# PACC Offshore- POSH Venture



## Brian60

First of all let me apologise, I'm not sure if I am allowed to post this photo or not, but it is for reference.

I am currently building this ship as a model albeit there is very little information available on the internet with regards, deck fittings! 

What I have seen on this photo is that on the upper starboard deck, just below the fast rescue rib, are blue and white drums. These appear to be stood loose on the deck instead of palletised.

My question is would this be normal practice? I would have thought just for ease of load/offload, palletised loads would be easier to handle?


----------



## Blackal

Could be anti-pollution chemicals? If you are building a model - I would ommit those drums.

Al


----------



## O.M.Bugge

If you are still interested here is specs and GA=plan for POSH Venture: http://www.posh.com.sg/pdf/ahts/9.POSH-Venture_HighRes.pdf

I don't have any own pictures of POSH Venture but from the identical sister ships POSH Virtue and Viking when they were being "hardened" for a passage from Singapore to Sudan:




































POSH Viking at anchor in Singapore:


----------



## Brian60

Thank you very much for the photographs, I have added them to my reference folder. I like all the anti piracy ironwork that has been added!

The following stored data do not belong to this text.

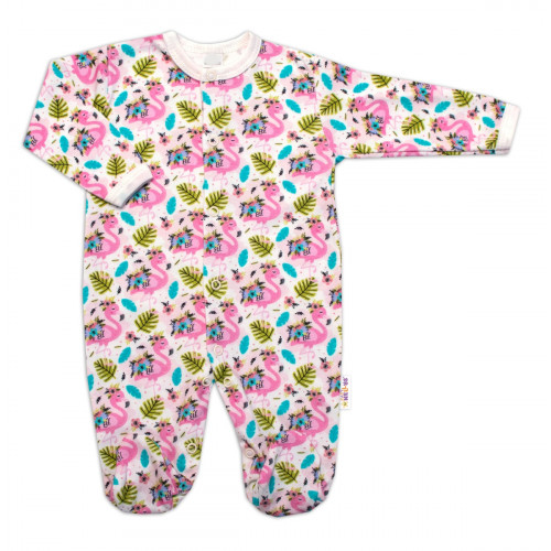 Baby Nellys Dojčenský overal zapínanie uprostred, Plameniak - biela/ružová
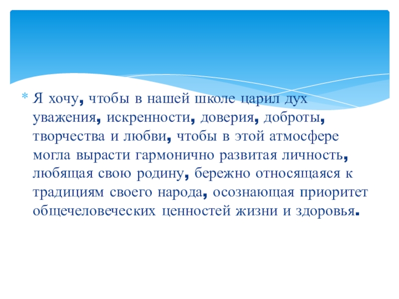 Слайд 48Я хочу, чтобы в нашей школе царил дух уважения, искренности, доверия,
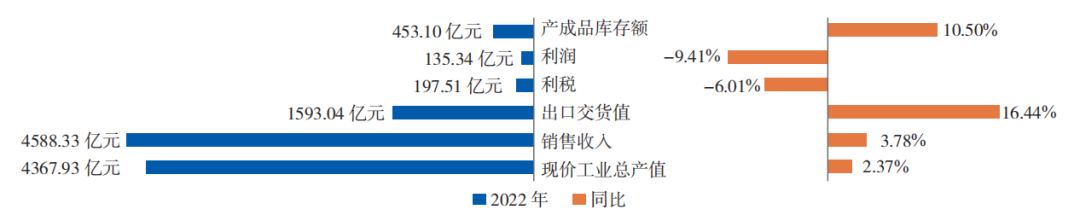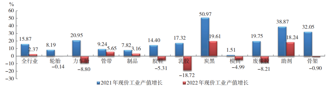 2022年,橡胶行业现价工业总产值增长2.37%,增幅减少13.50个百分点。
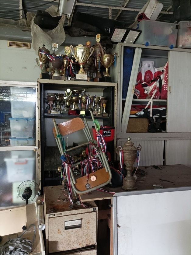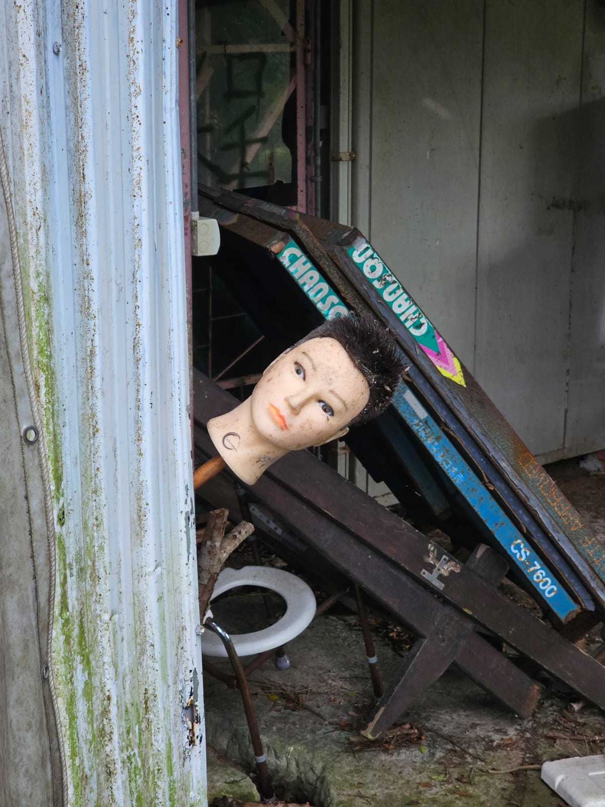 J’entre dans la jungle, mais je me méfie, il y a avait des enfants drogués avant, ils sont ptet encore là cachés à l’ombre des cocotiers. Ça me rappelle le Vietnam, je regarde là où je mets les deux pieds avant de marcher, et je chante pas de Claude François au Karaoké. J’avance dans des bâtiments désaffectés, c’est un vrai bordel, pas celui où tonton, il va le jeudi pendant sa pause dej, plutôt celui de ma chambre, avec des legos partout. Il y a de tout ici, des instruments qui font de la musique quand on tape ou on souffle, les haltères originales de Bill Kazmaier avec des poids en béton, plein de médailles comme ça tout le monde est gagnant, une cuisine gigantesque, des têtes à perruque pour donner des coups de ciseaux, des montagnes de PQ, des posters de Tom Cruise le meilleur, des photos sur les murs des petits junkos, un parc à huîtres, parce que y’a pas plus rédemption que d’adopter un mollusque, des frigos dehors, une Playstation 2 dans des cahutes construites en tôles ondulées, du matériel de Ping Pong, des falourdes de merde. Quelle bonne condition que celle de gosse toxico.
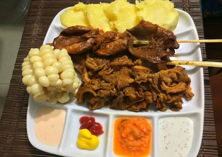 • Preparar la carne, para el corazón remover todos los nervios y membranas. Cortar en cubos de 2 x 2 cm. Cortar la carne de cordero dejando algo de grasa en cubos.
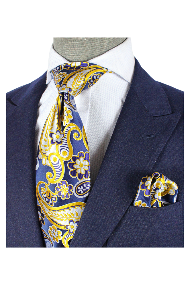 Sharjah 7 | Navy Gold & White Paisley | Tie & Pocket Square
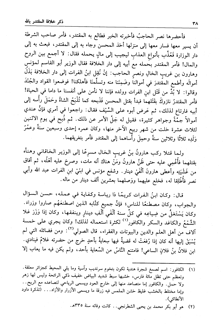 ولما قتلا ركب هارون بن غريب الخال مسرعاً إلى الوزير الخاقاني وهنأه بقتلهما فأغمي عليه حتى ظن هارون ومن هناك أنه مات ، وصرخ عليه أهله ، ثم أفاق من غشيته وأعطى هارون ألفي دينار . وشفع مؤنس في ابني ابن الفرات عبد الله وأبي نصر فأطلقا له ، فخلع عليهما ووصلهما بعشرين ألف دينار من ماله .
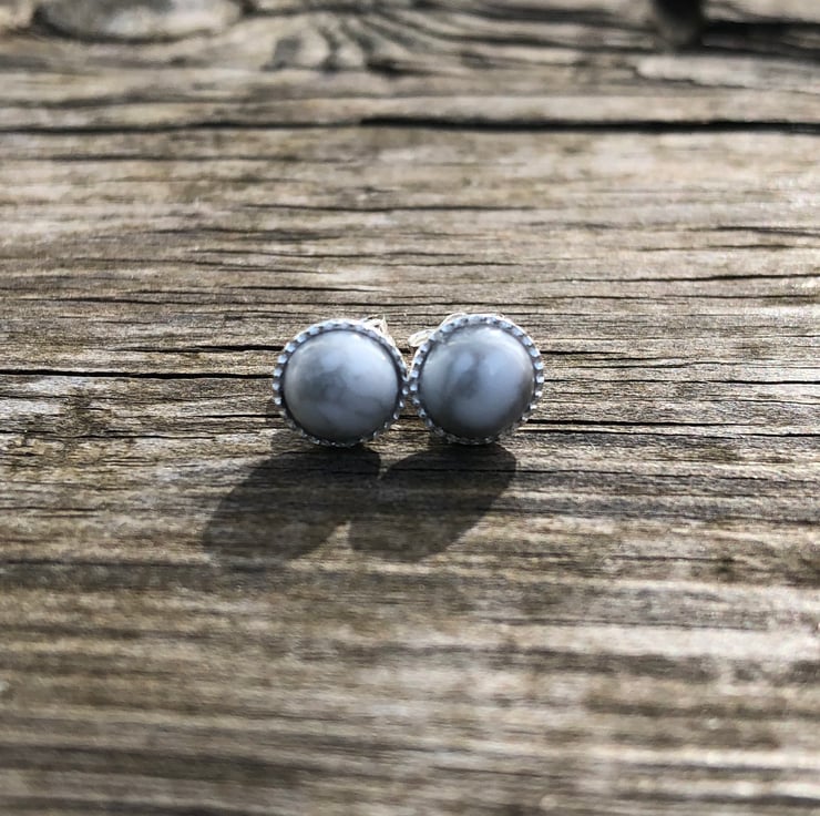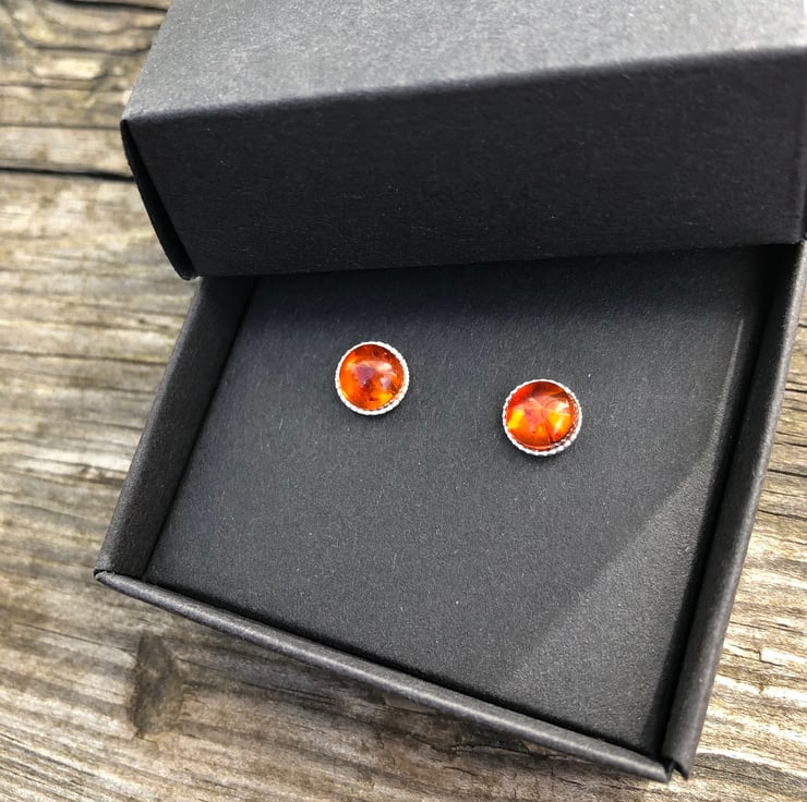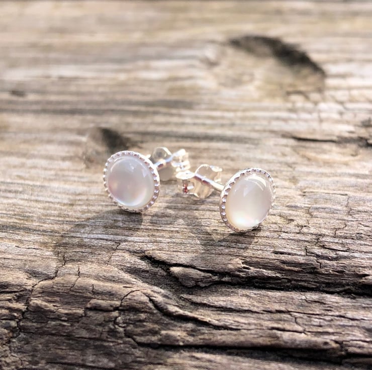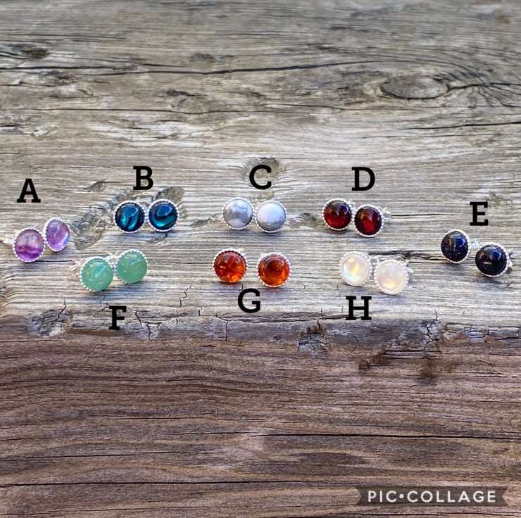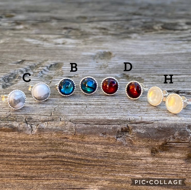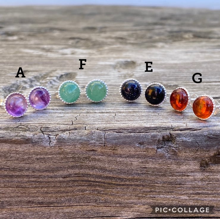 Choose between a range of semi precious cabochon which have been set into 6mm milled edged sterling silver studs, these are fastened with sterling silver scroll backs.
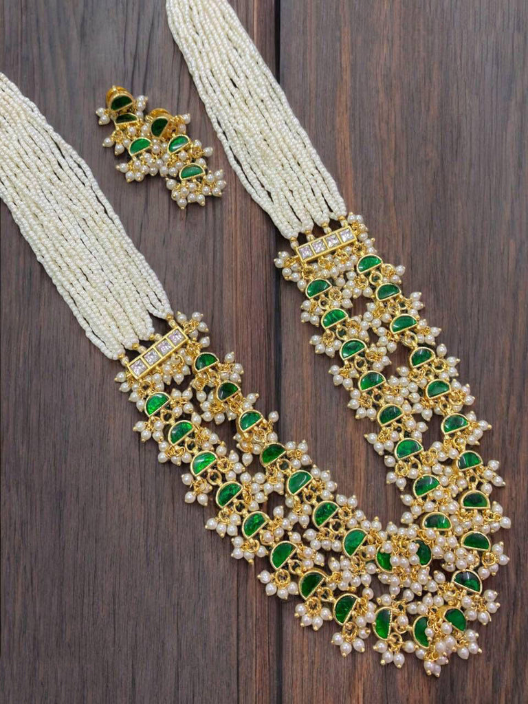 Gold Plated Traditional Kundan & Pearl Studded Long Chain Set
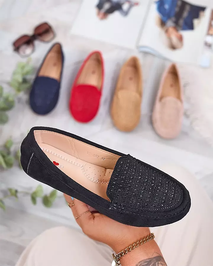 Royalfashion Czarne damskie mokasyny z cyrkoniami Bretika
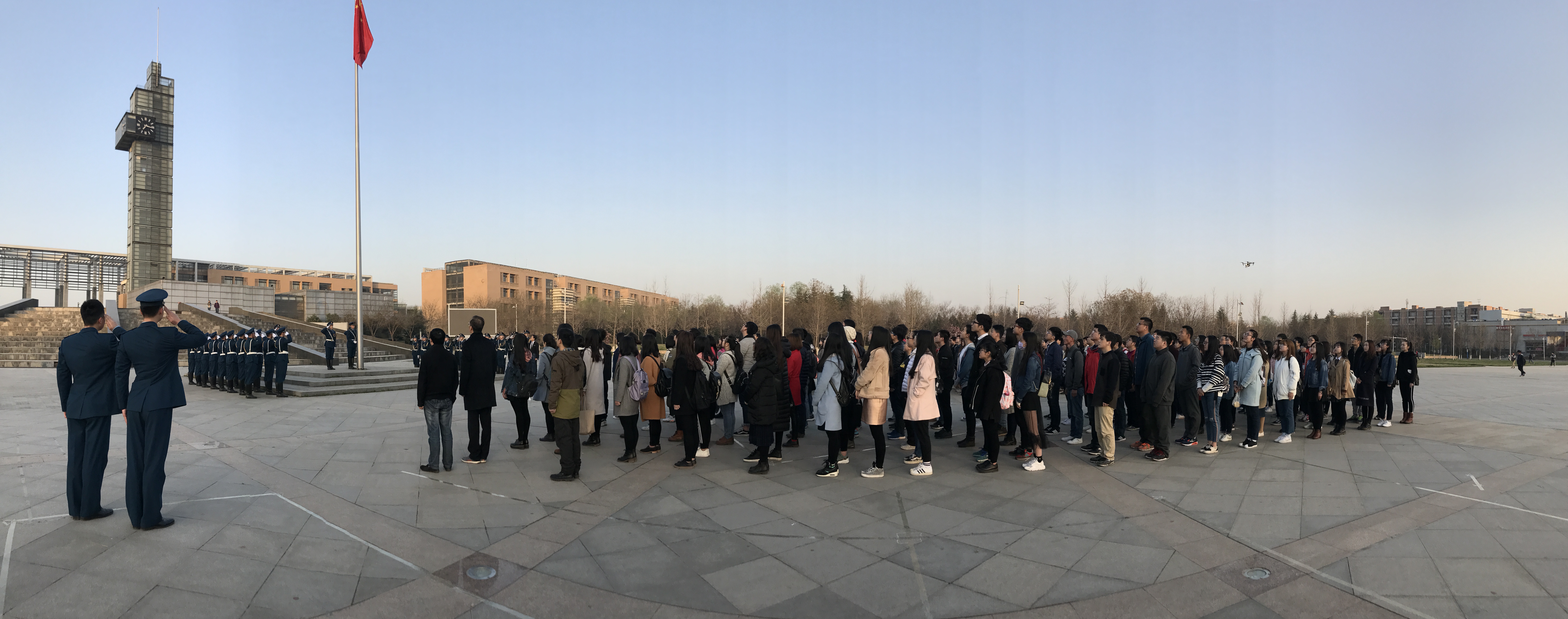 仪式最后,同学们共同合影留念,用无人机拍下巨大的“外院”人形方阵。此次升旗仪式强有力地激发了大家的进取之心,是一次成功的爱国主义教育。同学们纷纷表示要用十倍的精神投入学习生活,更要用行动来证明自己作为新时代老员工的力量与决心,为祖国、为母校交上一份满意的答卷!

I had managed to get some photo's taken by a chap on one of their other vessels which really helped me at the time. My build of the POSH Venture is almost complete now, I'm down to adding the final tiny details and all will be finished. I'll post a couple of photo's of her on saturday. Then on to the next project, I'm considering the Skandi Iceman or one of the XBow Ulstein ships, I've yet to reach a decsion.


----------



## Mad Landsman

Website of Lubmarine - who use Blue and white drums:

http://www.lubmarine.com/


----------



## Brian60

Here are a couple of photos of the almost complete ship. I still have some tidying up to do, touch up the paint and add a few more details for instance there are mushroom & swan neck vents still to add, the liferaft canister racks need to be remade. But essentially it is finished.


----------



## O.M.Bugge

Looks good. I would have moved that container on deck to a Fwrd. position and the two anchors further back.

Why?? It would be dangerous to handle the anchors as it is now.

A X-bow model would be a nice project me think.


----------